The European Commission has published draft guidelines outlining how transparency obligations under Article 50 of the AI Act should be applied across certain AI systems. The guidance is intended to help competent authorities, providers and deployers ensure compliance in a consistent, effective and uniform manner.

Prepared in parallel with a separate Code of Practice on the marking and labelling of AI-generated content, the draft guidelines clarify the scope of legal obligations and address areas not covered by the code. The focus is on helping users identify when they are interacting with AI systems or encountering AI-generated content.

A targeted consultation is open until 3 June, allowing stakeholders to provide feedback on the draft framework. The consultation will inform the final version of the guidelines, which are intended to support more consistent implementation and enforcement of Article 50 obligations across the EU.

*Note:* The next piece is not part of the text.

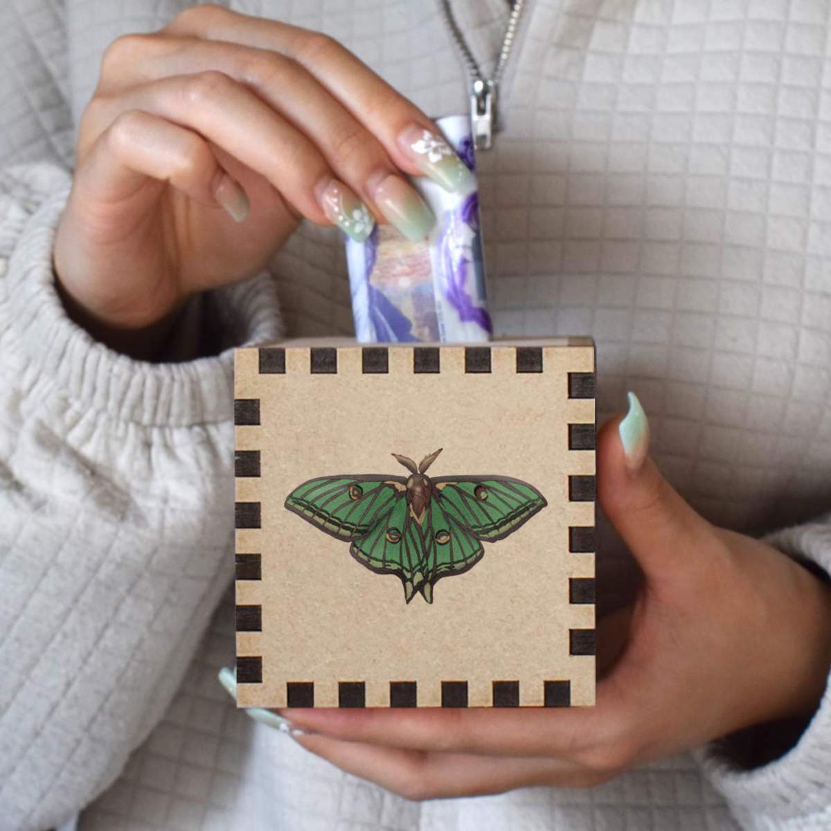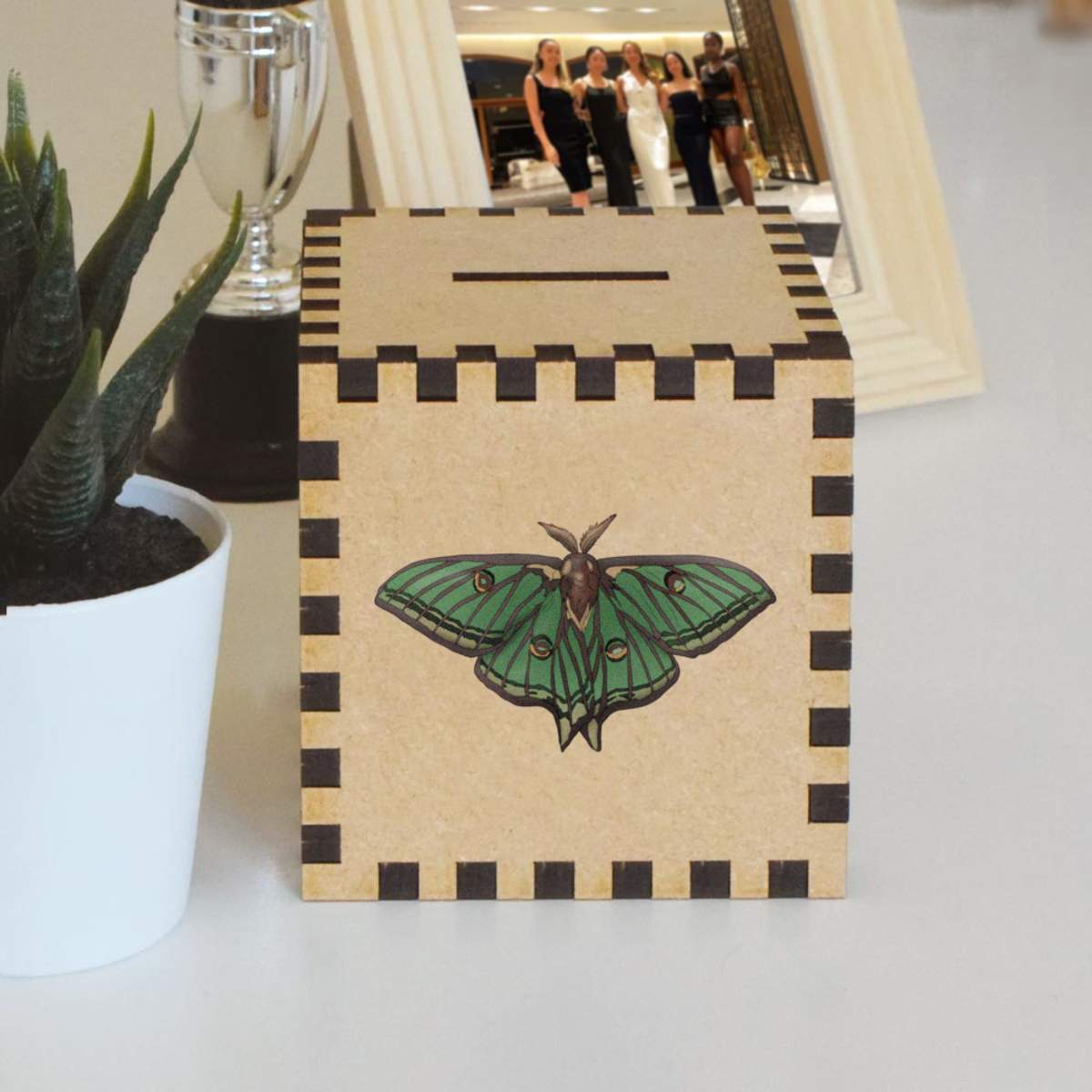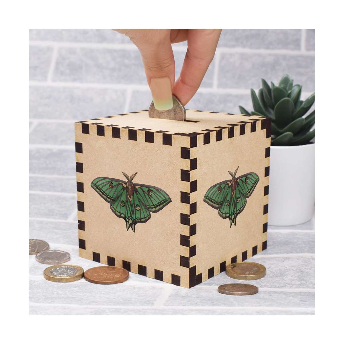 An 8.5cm wooden money box made out of the finest quality MDF and printed on all four sides with a unique design. The bottom is flat and the top has a slot for coins, the box itself is 85mm on each side, with a 35mm x 5mm coin slot, so please be sure it's suitable for you.

The initiative reflects a broader regulatory push in the European Union to strengthen oversight of AI transparency, particularly as generative AI tools become more widely used in content creation, communication and digital services.

Why does it matter?

Transparency obligations are central to the AI Act‘s approach to trust in digital environments. Clear disclosure and labelling requirements can help users understand when they are interacting with AI systems or encountering AI-generated material, reducing risks linked to manipulation, misinformation and misplaced reliance on machine-generated outputs.

Consistent guidance also matters for legal certainty. Providers and deployers need clearer expectations on how Article 50 applies in practice, while regulators need a common basis for enforcement across member states.